Halo 2 was my obsession until Halo 3 came out in another 3 years. By this point I was 14 and Justin was just about 17. He was busy enough with girls, sports, and preparing to go to college that it was a struggle to get him to sit down long enough to play through the campaign with me. We did eventually save the galaxy together, but that was the last videogame I ever played through with Justin. It was me and my friends from there on out, although I’d soon lose their interest to Call of Duty 4. Then I started playing Call of Duty 4, too, and that was all any of us really wanted to play, and both Halo 2 and Halo 3 were left to sit in their cases.
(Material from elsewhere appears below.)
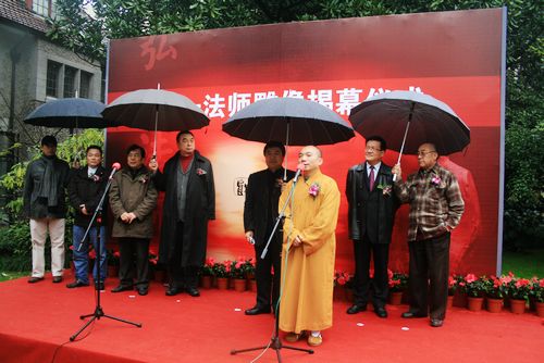 12月10日下午, 继全国版音乐剧《弘一法师》在上海大剧院成功落幕以及青春版音乐剧《弘一法师》成功上演之际,弘一法师雕像揭幕仪式在我校隆重举行。上海文广集团演艺中心副总裁、中国话剧艺术研究会副会长杨绍林, 上海市佛教协会主席觉醒法师的代表慧觉法师,著名表演艺术家俞洛生、张先衡,天津戏剧博物馆前馆长黄殿祺,弘一法师雕像捐赠者、上海城市雕塑艺术中心副理事长郑培光和上海大学美术学院综合材料与公共艺术工作室主任蒋铁骊,我校领导韩生、葛朗及院长助理王宏舟,我校叶长海教授、丁罗男教授、熊源伟教授(音乐剧《弘一法师》导演)、曹路生教授(音乐剧《弘一法师》编剧)、宋怀强教授(音乐剧《弘一法师》主演)和教师、学生代表近百人,一同出席了此次揭幕仪式。揭幕仪式由副院长葛朗主持。

I hadn’t planned to play Halo 3: Reach. It came out my junior year of high school. I didn’t play Halo any more. All of the games I’d play with my friends were gritty and “realistic” or else just Smash Bros. But my friend Dan had a copy, and he came by one day on a Friday after school. We both had our licenses by this point so the ability for us to hang out without parental transportation logistics was already pretty novel. He convinced me to go on a nostalgia trip (it was already a vice of mine back then).

We pulled an all-nighter that night. According to the Internet, the main campaign takes 8.5 hours to complete, so, assuming he came over at like 4 pm, we must have played straight through until 2 am, accounting for breaks. Needless to say, this whole night is a blur for me now. I only have the vaguest recollections of the story, and also that Dan insisted we play through the campaign on Heroic, the second hardest difficulty. He would have preferred Legendary, the hardest, but I persuaded him down.

And then Halo mostly disappeared from my life. Halo 4 came out when I was in college, and I remember playing a bit of it when I was bored one afternoon and then dropping it. Halo 5 came out right after I graduated, but that one I only saw a friend play a couple times. 

I did try playing through the campaigns again on my own, recently. Microsoft came out with the “Master Chief collection”, a collection of the original games, remastered for their latest hardware. I started with Halo 1, escaped the exploding Pillar of Autumn, explored the Ringworld, rescued Captain Keyes, and then, once again, found myself faced with the unenviable position of fighting the Flood in all their disgusting, squelching, swarming glory. And…I couldn’t. It was bad enough facing the Flood at age 8 with my brother by my side, but to face them alone at age 29? I lacked the courage.

So, instead, I quit playing Halo and decided to play a different game. I had already saved the world once. It wouldn’t be the same saving it again.


My older brothers also played Street Fighter at our neighbor’s house, but I wasn’t allowed to play.


Don’t I mean Hanukkah? Nope! Not only are my parents mixed faith, but, in proud Reform tradition, my mother had grown up celebrating Christmas anyways. That aggressively secular German Jewishness is largely gone from the world now. I think it was always kind of a self-defeating sort of “faith” anyways.